Repères biographiques

Prosper Jolyot de Crébillon
1674-1762

1674

13 janvier

Naissance de Prosper Jolyot à Dijon, de Melchior Jolyot, greffier en chef de la Chambre des comptes de Bourgogne et de Bresse, notaire royal, et Henriette Gagnard, fille du lieutenant-général au bailliage de Beaune.

16 janvier

Baptême en présence de Prosper Bauin, maître des comptes, et Anne de La Marre, épouse de Claude de Souver, conseiller au Parlement de Bourgogne, respectivement parrain et marraine du nouveau-né.

1686

3 octobre

Acquisition par Melchior Jolyot de la terre de Crais-Billon, près de Gevrey-Chambertin, au sud de Dijon ; cependant, le nom Jolyot de Crébillon n’apparaît pour la première fois qu’en 1707, sur l’acte de baptême de Claude-Prosper, premier fils du dramaturge.

[?]-ca. 1700

Humanités au collège des Godrans, à Dijon, puis au collège Mazarin.

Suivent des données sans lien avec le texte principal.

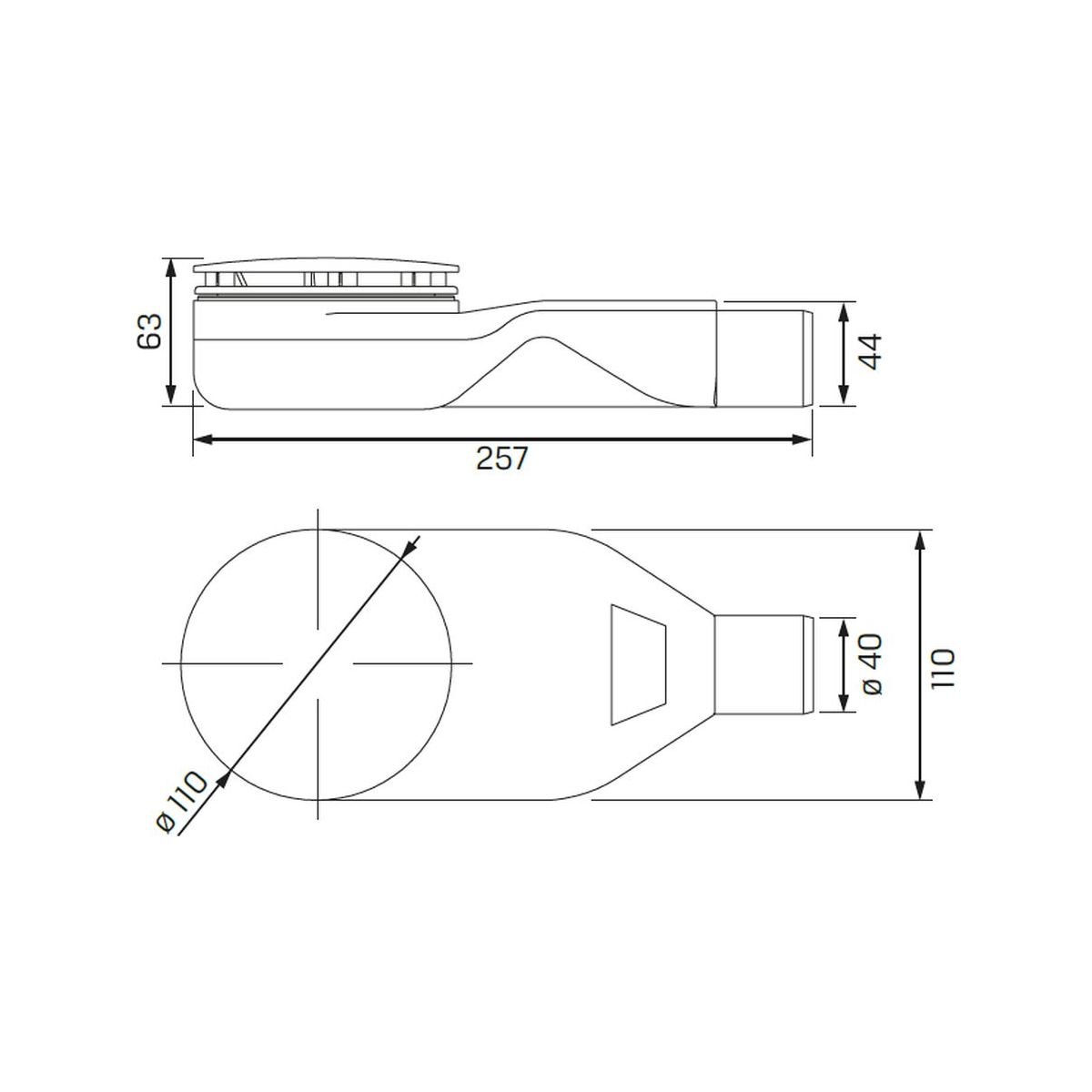 - Abflussdurchmesser: 90 mm
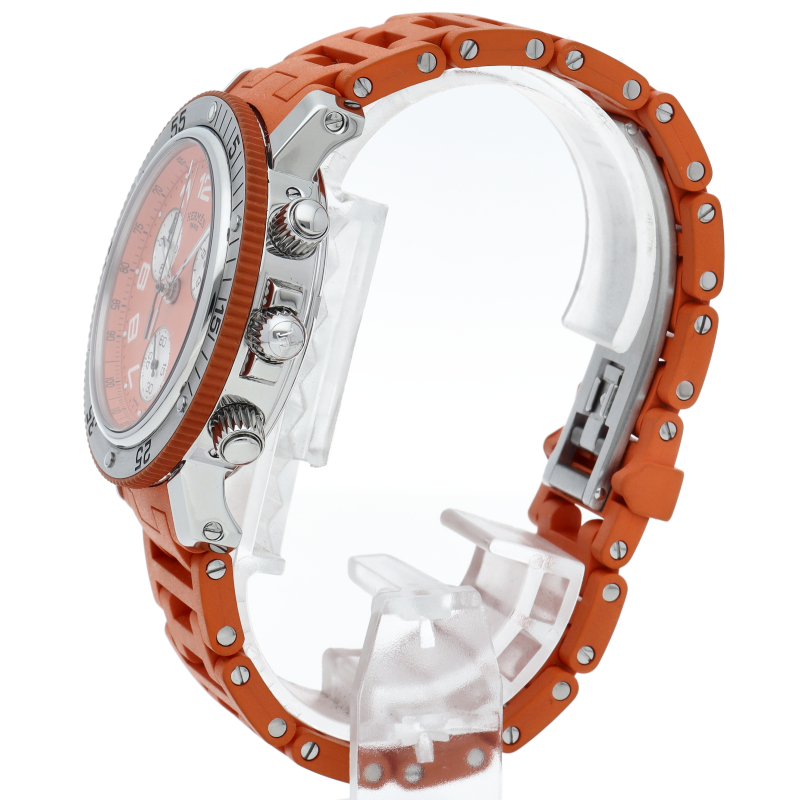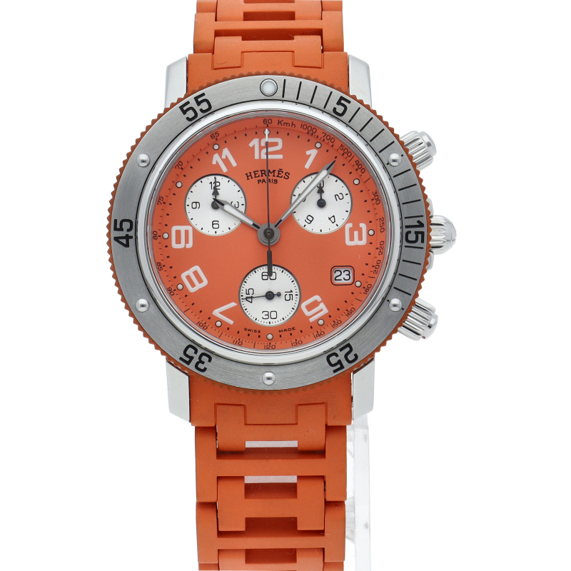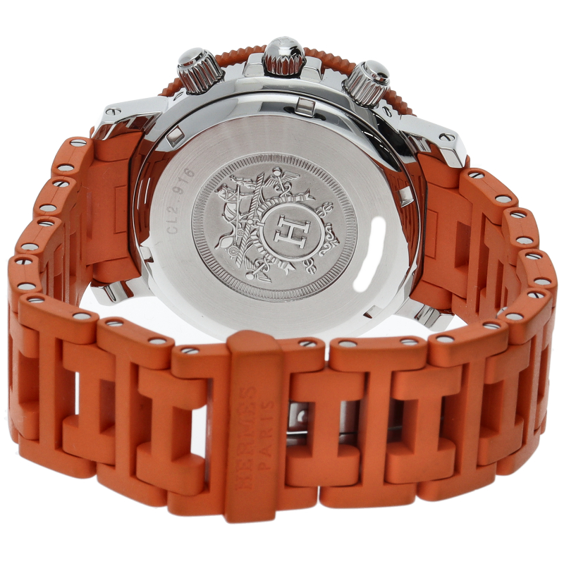 エルメスの時計シリーズの中でも非常にポピュラーな「クリッパー」。「H」ロゴを特徴としたブレスに上品で落ち着いたデザインが特徴です。クロノグラフ機能付。

Études de droit à Besançon et à Paris : nomination comme avocat au Parlement.

ca. 1700-1703

Clerc dans l’étude de Me Louis Prieur, procureur au Châtelet, pour devenir greffier ; Prieur, homme de lettres par ailleurs, dirige Crébillon vers la carrière dramatique.

Fréquentation des sociétés littéraires et bachiques à la mode (café Procope et café Laurent) ; composition de chansons et poésies badines.

1705

Refus par les Comédiens Français de La Mort des enfants de Brutus, première tragédie du dramaturge (non conservée).

29 décembre

Première d’Idoménée ; succès se prolongeant sur 13 représentations, jusqu’au 6 février 1706 – l’acte V, qui avait déplu à la création, est refait en cinq jours. Les droits du texte ainsi que le produit de l’édition de la tragédie, parue début 1706 chez François Le Breton avec une dédicace à Louis III de Bourbon-Condé, petit-fils du Grand Condé, assurent à Crébillon un petit revenu personnel.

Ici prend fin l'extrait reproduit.